8:43 pm on Sep 18, 2009 (gmt 0)

WebmasterWorld Senior Member 10+ Year Member



It sounds like you're expecting to do two different functions with one rule...

Externally redirect all non-canonical URLs to the canonical URLs, and internally rewrite the canonical URL to a script.
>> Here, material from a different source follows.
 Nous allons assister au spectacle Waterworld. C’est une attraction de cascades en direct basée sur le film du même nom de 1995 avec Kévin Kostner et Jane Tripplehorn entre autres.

Note URL->URL, then URL->filepath... two utterly-different functions.

You *could* use a rewriterule to map example.com/ to /cgi-bin/index.cgi, but you might find it easier to simply declare that filepath as your 'index page' by using the DirectoryIndex directive of Apache mod_dir.

Jim

DeepUnderground

9:46 pm on Sep 18, 2009 (gmt 0)

10+ Year Member



mod_rewrite is the only function I can access on my hosting.
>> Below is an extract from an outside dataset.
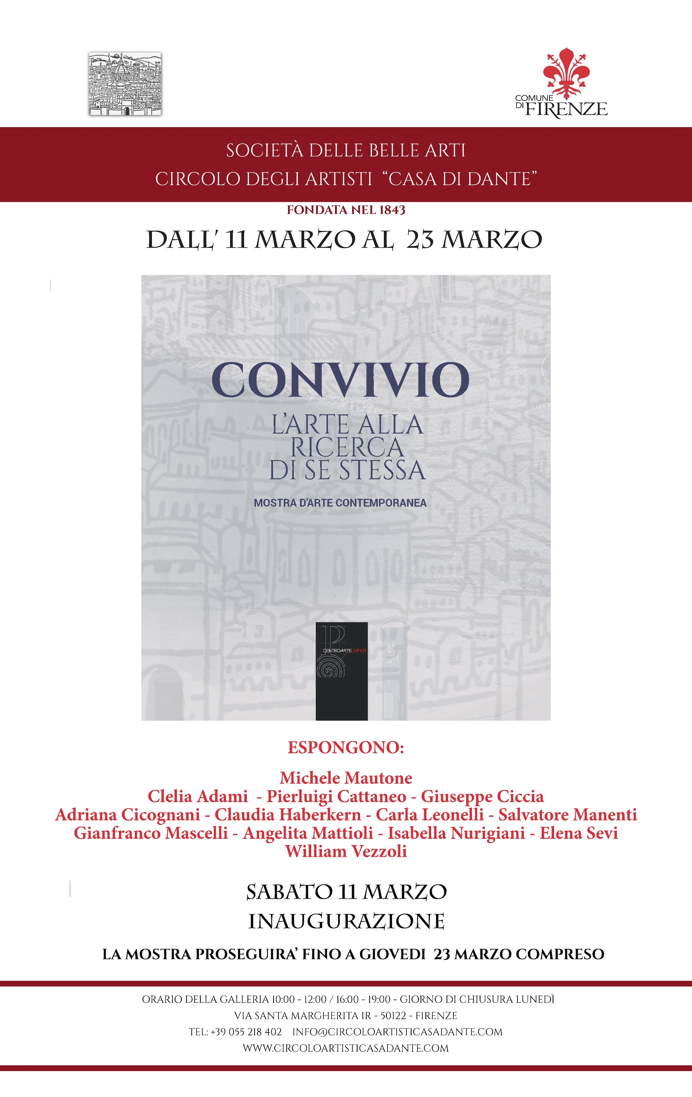 A Firenze, presso la Società delle Belle Arti – Circolo degli artisti – Casa di Dante, si inaugura sabato 11 marzo 2023 la Mostra Convivio curata da Pierluigi Cattaneo e da Gianfranco Mascelli, presentata dal Prof. Mauro Corradini storico dell’arte e organizzata dal Centro Arte Lupier. Ospiterà l’incontro di artisti provenienti da diverse regioni d’Italia le cui opere, con differenti linguaggi, materiali e tecniche espressive, esprimono le diverse personali visioni e sensibilità artistiche e umane. Un vero e proprio convivio d’arte, in omaggio al luogo che lo ospita: la Casa di Dante.

Having it happen in two different rules is fine, but I can't seem to get it to work, I've tried lots of ways.

jdMorgan

11:27 pm on Sep 18, 2009 (gmt 0)

WebmasterWorld Senior Member 10+ Year Member



Please post your best-effort code as a basis for discussion.

Thanks,
Jim

DeepUnderground

11:56 pm on Sep 18, 2009 (gmt 0)

10+ Year Member



RewriteCond %{HTTP_HOST} ^test.example.com
RewriteRule (.*) [test.example.com...] [R=301,L]
RewriteCond %{THE_REQUEST} ^[A-Z]{3,9}\ /index\.html\ HTTP/
RewriteRule ^index\.html$ [test.example.com...] [R=301,L]

RewriteBase /cgi-bin/

RewriteRule ^(.*)$ poems.cgi$1 [L]

note, this is code for test domain and poems.cgi is basically my index.cgi

Redirect Loop error on this

[edited by: jdMorgan at 12:32 am (utc) on Sep. 19, 2009]
[edit reason] example.com [/edit]

jdMorgan

12:42 am on Sep 19, 2009 (gmt 0)

WebmasterWorld Senior Member 10+ Year Member



Yes, since the 'target' path of your last rule matches its input pattern, it'll loop forever unless you exclude the target path from being rewritten.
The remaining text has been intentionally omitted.